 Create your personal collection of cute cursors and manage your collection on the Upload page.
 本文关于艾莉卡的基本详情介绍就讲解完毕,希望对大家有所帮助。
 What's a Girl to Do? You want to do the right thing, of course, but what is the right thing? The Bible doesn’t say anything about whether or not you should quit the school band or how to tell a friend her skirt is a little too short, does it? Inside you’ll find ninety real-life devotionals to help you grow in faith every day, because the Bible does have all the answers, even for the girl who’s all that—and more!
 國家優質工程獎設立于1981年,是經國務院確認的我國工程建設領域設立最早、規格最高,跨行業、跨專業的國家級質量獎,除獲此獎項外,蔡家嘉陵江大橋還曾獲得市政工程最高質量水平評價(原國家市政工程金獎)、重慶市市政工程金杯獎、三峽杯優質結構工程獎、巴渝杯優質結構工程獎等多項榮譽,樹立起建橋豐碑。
+++
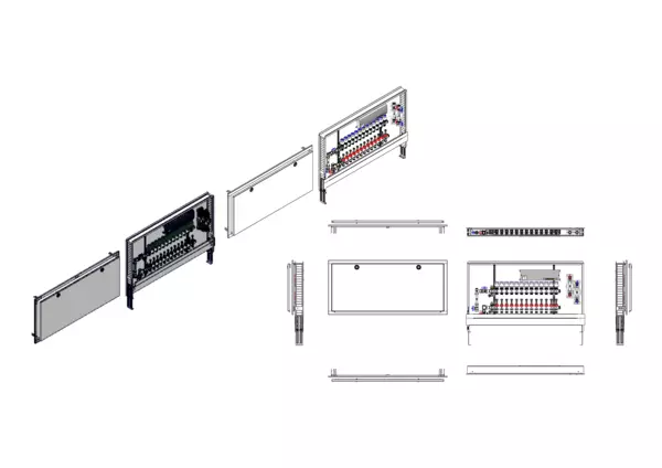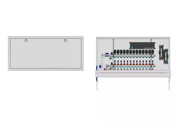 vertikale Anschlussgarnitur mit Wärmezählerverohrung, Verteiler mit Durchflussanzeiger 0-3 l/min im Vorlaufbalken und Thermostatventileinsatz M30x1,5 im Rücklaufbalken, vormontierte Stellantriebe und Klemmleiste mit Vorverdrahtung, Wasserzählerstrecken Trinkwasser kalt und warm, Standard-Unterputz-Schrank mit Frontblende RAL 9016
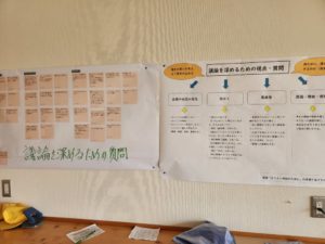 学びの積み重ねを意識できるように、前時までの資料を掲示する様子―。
+++
# [PROBLEM]
Among the records above, only the lines between the line holding "Create your personal" and the line holding "國家優質工程獎設立于1981", inclusive, are to be output, exactly as written.

# [REPLY TO THE EXERCISE]
 Create your personal collection of cute cursors and manage your collection on the Upload page.
 本文关于艾莉卡的基本详情介绍就讲解完毕,希望对大家有所帮助。
 What's a Girl to Do? You want to do the right thing, of course, but what is the right thing? The Bible doesn’t say anything about whether or not you should quit the school band or how to tell a friend her skirt is a little too short, does it? Inside you’ll find ninety real-life devotionals to help you grow in faith every day, because the Bible does have all the answers, even for the girl who’s all that—and more!
 國家優質工程獎設立于1981年,是經國務院確認的我國工程建設領域設立最早、規格最高,跨行業、跨專業的國家級質量獎,除獲此獎項外,蔡家嘉陵江大橋還曾獲得市政工程最高質量水平評價(原國家市政工程金獎)、重慶市市政工程金杯獎、三峽杯優質結構工程獎、巴渝杯優質結構工程獎等多項榮譽,樹立起建橋豐碑。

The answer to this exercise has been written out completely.